Wednesday, July 29, 2009

Motivation

Okay, so it's been a couple days since I walked. I think that part of the reason I haven't walked is just to tell myself it's okay when I don't walk. I still matter and I'm not a bad person if I don't walk. I'm going to take my victories where they are though. Still haven't had a soda. I'm not craving one but it was just habit to get one and it's sometimes hard to not get one. I'm sure I would not feel well after drinking a soda so I won't do it. And I'm not getting loads of junk food to eat. That is really good. My jeans don't feel as tight. I don't know if that's just wishful thinking or if something is really happening. I know I'm feeling better physically though. My knee and low back are still acting up but I'm not gong to let that stop me from walking. I may need to get shots in my SI joints at some point. I want to get out there and walk tomorrow. I hope it's cool out in the morning for my walk. I'm having trouble sleeping through the night so it's hard for me to get up early in the morning and be awake enough to drive safely. I could walk around the neighborhood but it's not an enjoyable walk. I'd rather go up to Palmer Park. I like seeing all the dogs on the trail.

I had an appointment with Marianne today. At the end of the session we talked about my true, authentic self. Walking is part of the true me. I really like walking. I want it to be an enjoyable activity not an obligation. Once it becomes an obligation, I'll stop walking. I know I will. I don't want that to happen. Those 40 minutes that I walk are a good opportunity for me to think through things. It always makes me feel better physically, mentally and spiritually to walk. I think part of it is where I walk. It's so relaxing up on the Mesa. I'm so glad that Lisa showed me where the trail is.
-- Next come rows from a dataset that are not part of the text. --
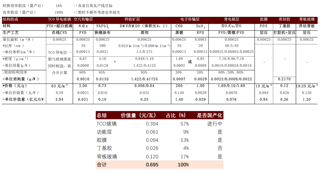 图表4:钙钛矿组件选材及价值量测算(以典型平面反式结构为例)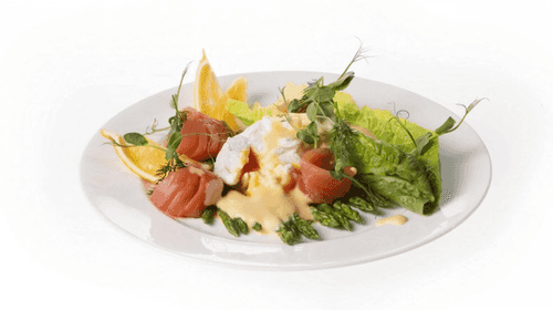 Place a romaine lettuce leaf on the plate. Next to it, arrange the dried asparagus. Next to that, place slices of salmon. Transfer the egg to the plate and drizzle with warm hollandaise sauce on top. Serve with 2 lemon wedges, dill, and pea sprouts.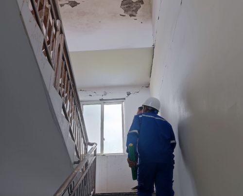 “有人嗎,我們是瀘州老窖智能化包裝中心技改項目先鋒隊,我們來看一下房屋受損情況”。在當(dāng)?shù)赝ㄐ殴ぷ魅藛T的帶領(lǐng)下,先鋒隊一家一戶地進(jìn)行排查,但由于部分道路狹窄濕滑,車輛無法通行,只能靠步行前往,先鋒隊員們不畏路途艱難,按照既定時間完成排查工作。在排查過程中,發(fā)現(xiàn)部分機房墻外墻全是裂痕,房屋外墻墻磚脫落,吊頂零星震落在地,先鋒隊員們第一時間評估受損情況,全面開展隱患排查,反復(fù)叮囑周邊群眾遠(yuǎn)離危險區(qū)域。一位先鋒隊員說道:“關(guān)鍵時刻看擔(dān)當(dāng),抗震救災(zāi),就是展現(xiàn)央企責(zé)任與擔(dān)當(dāng)?shù)臅r刻,我們要盡最大的能力,抓緊時間來檢測房屋受損情況,讓災(zāi)區(qū)人民早日放心”。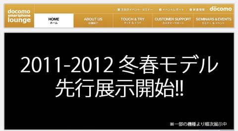 NTTドコモは、18日、2011年冬から2012年春にかけて発売する予定の新モデル「2011-2012冬春モデル 新商品・新サービス」の発表会を行い、総勢24機種の新商品を発表しました。その中のスマートフォンのうち「GALAXY SII LTE SC-03D」や「Optimus LTE L-01D」などのハイエンドモデルをはじめ、「ARROWS Kiss F-03D」「REGZA Phone T-01D」「F-03D Girls'」「P-01D」「GALAXY Tab 7.0 Plus SC-02D」の合計7機種について、ドコモのスマートフォンについてサポートするショールーム「ドコモスマートフォンラウンジ」にてすでに先行展示が行われています。上記7機種については、18日から先行展示が行われており、その後も10月27日からは、加えて「MEDIAS PP N-01D」「AQUOS PHONE SH-01D」「AQUOS PHONE slider SH-02D」「LUMIX Phone P-02D」の4機種の展示も追加されるとのことです。■NTTドコモ、Androidスマートフォン「LUMIX Phone P-02D」のカメラ起動ができない不具合でソフトウェア更新を提供開始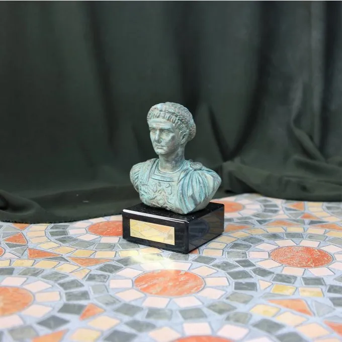 Denne buste er en kopi af en buste af kejser Tiberius. Den oprindelige er en del af samlingen af det arkæologiske museum i Napoli. Disse statuer blev ofte malet for at gøre dem synes livagtige.

The only somewhat negative thing today is that my very thoughtful sister sent me a "care package" that was just snacks for me and David. They are snacks that I can only get back in New England. I'll put them in the fridge so I can just pull one out once in a while as a treat. I'm not telling myself I can't ever have a treat. That would be deprivation and basically that's just planning to fail. I'm not going to let that happen.

I should be able to get out there and walk the next four days. I hope I can stay motivated.